*INFORMATION PROVIDED*
##########

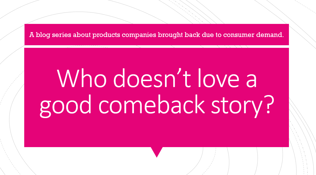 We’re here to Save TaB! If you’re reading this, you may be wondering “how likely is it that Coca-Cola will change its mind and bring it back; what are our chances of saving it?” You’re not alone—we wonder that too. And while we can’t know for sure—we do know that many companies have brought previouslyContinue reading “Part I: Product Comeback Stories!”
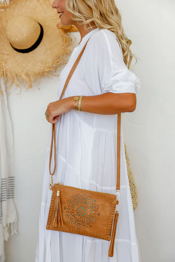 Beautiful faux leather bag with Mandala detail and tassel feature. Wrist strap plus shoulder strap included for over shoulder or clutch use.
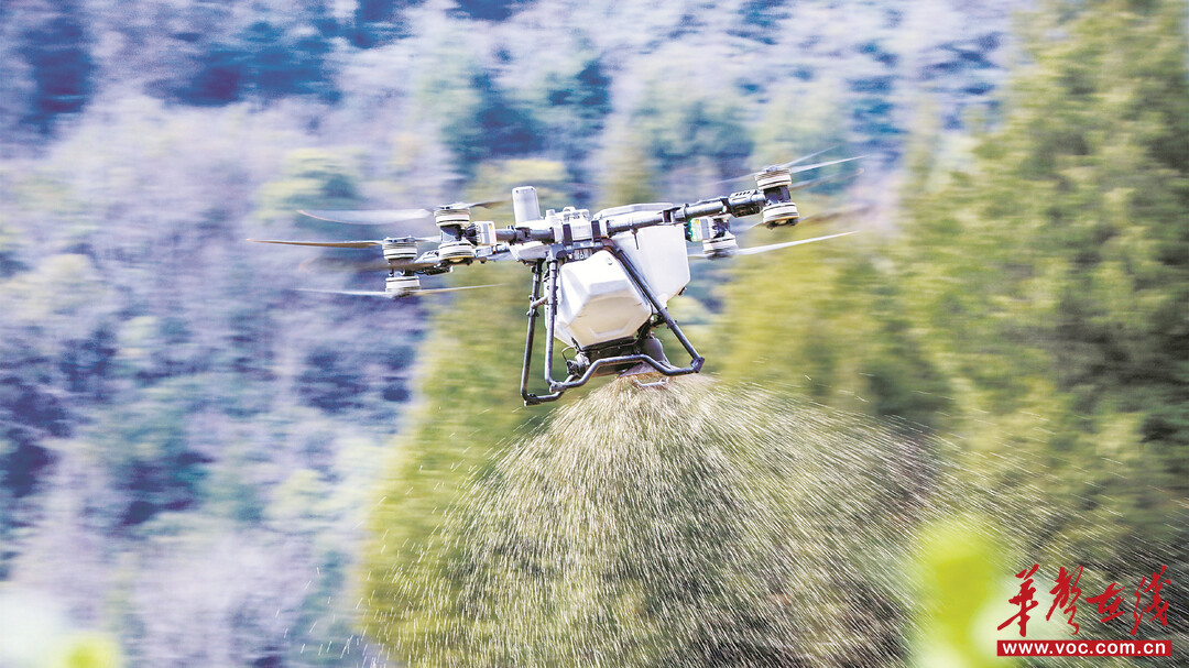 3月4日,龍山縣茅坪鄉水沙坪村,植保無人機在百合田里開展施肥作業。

##########

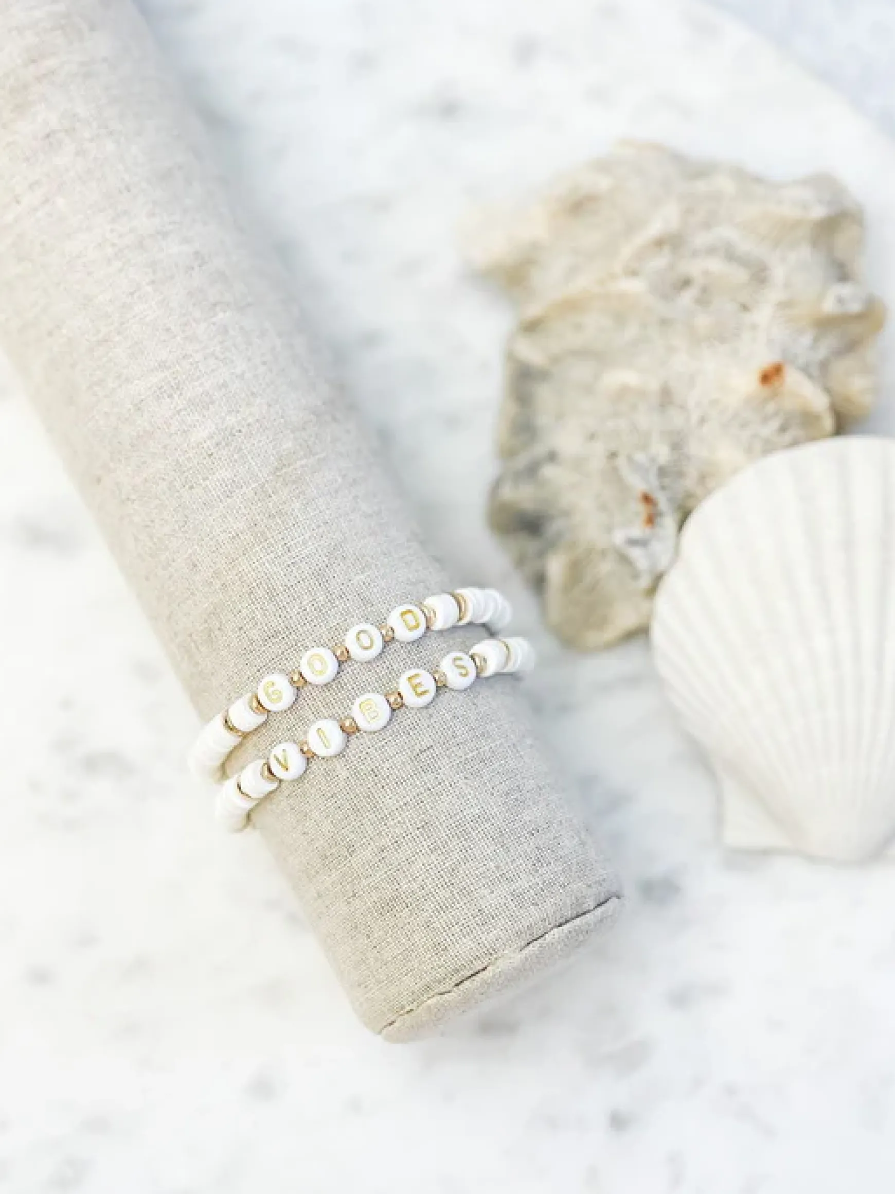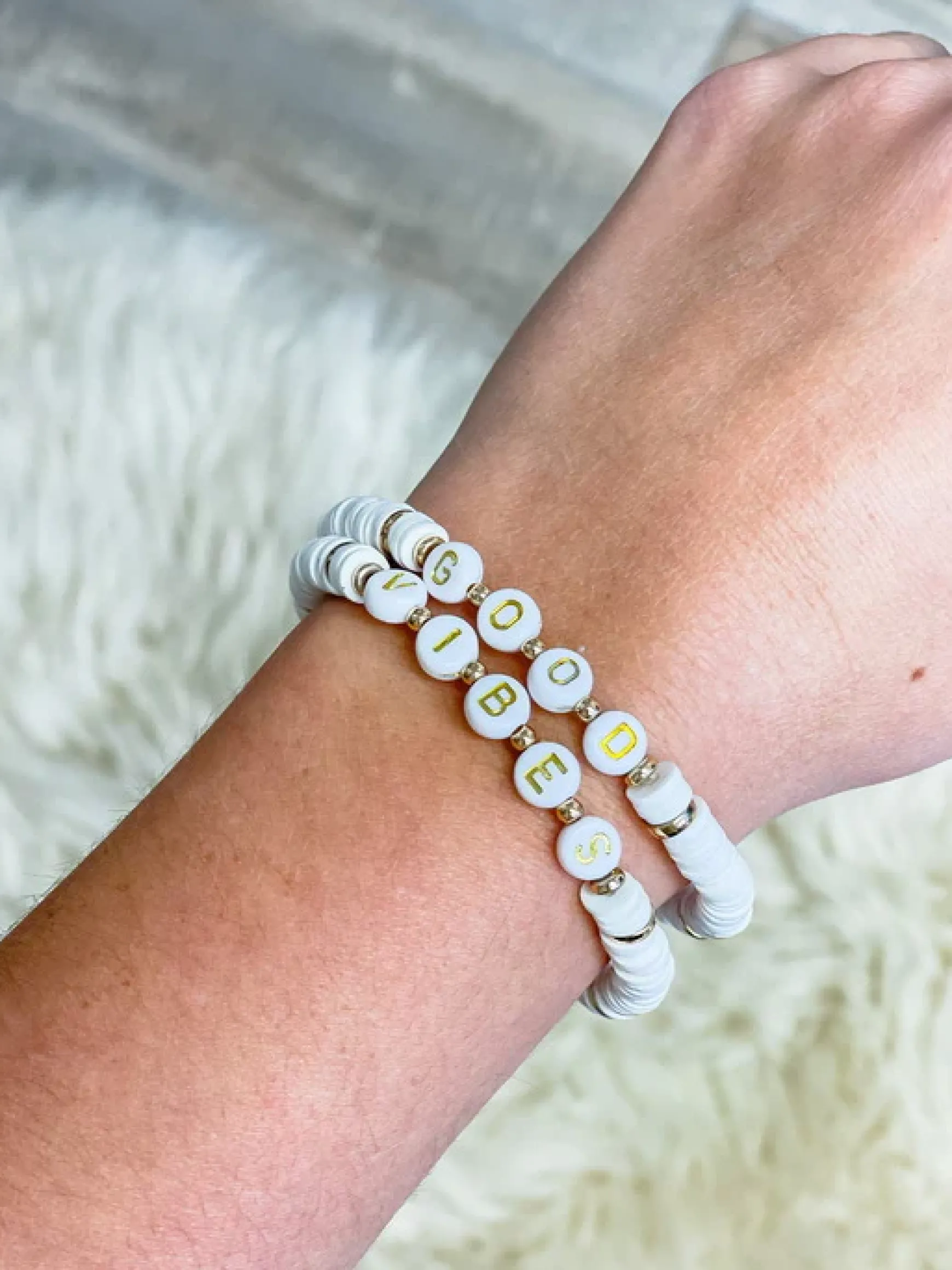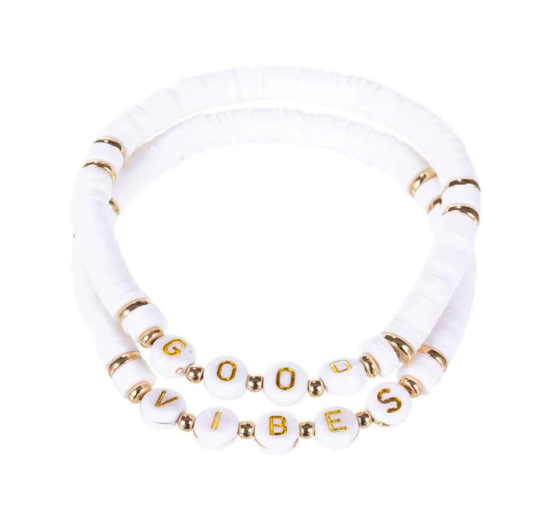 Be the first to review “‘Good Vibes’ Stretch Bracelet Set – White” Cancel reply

##########

*EXERCISE BRIEF*
Look through the material above. Transcribe exactly the lines between the ones with "Beautiful faux leather" and "3月4日,龍山縣茅坪鄉水沙坪村,植保無人機在百合田里開展施肥作業。", inclusive, and keep pictures out.

*EXERCISE RESULT*
 Beautiful faux leather bag with Mandala detail and tassel feature. Wrist strap plus shoulder strap included for over shoulder or clutch use.
 3月4日,龍山縣茅坪鄉水沙坪村,植保無人機在百合田里開展施肥作業。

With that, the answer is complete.